GDG significa Google Developer Groups ed è un programma community nato una quindicina di anni fa a cui partecipo da circa 11. Il programma è nato con lo scopo di condividere conoscenze sulle tecnologie di Google. Da un lato ci sono quindi i bisogni di una community di sviluppatori, dall’altro quelli di un’azienda alla ricerca di canali dove poter parlare di quello che fa. Questi due bisogni hanno trovato la loro intersezione nel programma GDG.
Gli altri due programmi sono il Google Developer Student Clubs, dedicato agli studenti universitari, e il Women Techmakers, volto a creare un ambiente tech dove tutti possano sentirsi inclusi e rappresentati. La particolarità di questi programmi è che sono focalizzati particolarmente sulle tecnologie Google, ma in queste community non c’è un mandato che vincola alle tecnologie Google. Quello che facciamo è fornire alle community delle proposte, ma alla fine è la singola community che sa quello che è il suo territorio e conosce i suoi membri e le loro esigenze.

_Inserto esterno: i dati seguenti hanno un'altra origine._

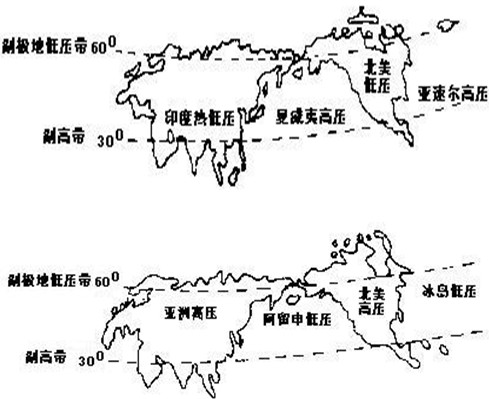·北半球气压带被陆地上的气压中心切割,断裂成块状分布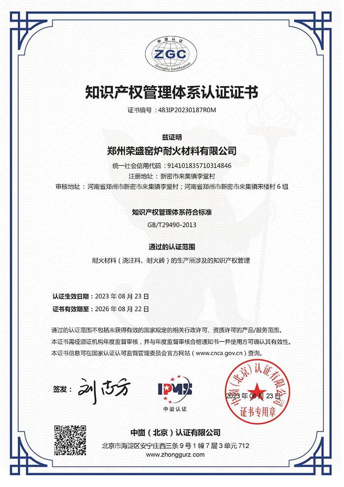 近日,鄭州榮盛窯爐耐火材料有限公司(以下簡稱「榮盛耐材」)順利通過知識產(chǎn)權(quán)貫標(biāo),并獲得了《知識產(chǎn)權(quán)管理》中英文雙語。該項(xiàng)的順利通過,標(biāo)志著榮盛耐材構(gòu)建了一套規(guī)范化、系統(tǒng)化、程序化、精細(xì)化的知識產(chǎn)權(quán)管理。

Noi ci limitiamo a dare dei suggerimenti che potrebbero essere adatti al territorio, ma niente di più. Questa libertà è alla base del programma community di Google, che ha un’estensione globale, con 3000 gruppi in centinaia di nazioni. Quando hai una scalabilità di queste proporzioni, non esiste un solo modo di fare community. Il programma quindi vuole essere flessibile ma riconoscibile. Un membro del GDG in Australia deve ritrovarsi in qualche modo anche con un membro del GDG in Sud Africa, anche se poi a livello di territorio, cultura, ecc. c’è molta diversità. Nella specificità dei gruppi e dei territori, i programmi community di Google cercano di dare una scatola di identità in cui le persone, la community nel suo insieme e l’azienda riescano a trovare soddisfazione ai rispettivi bisogni.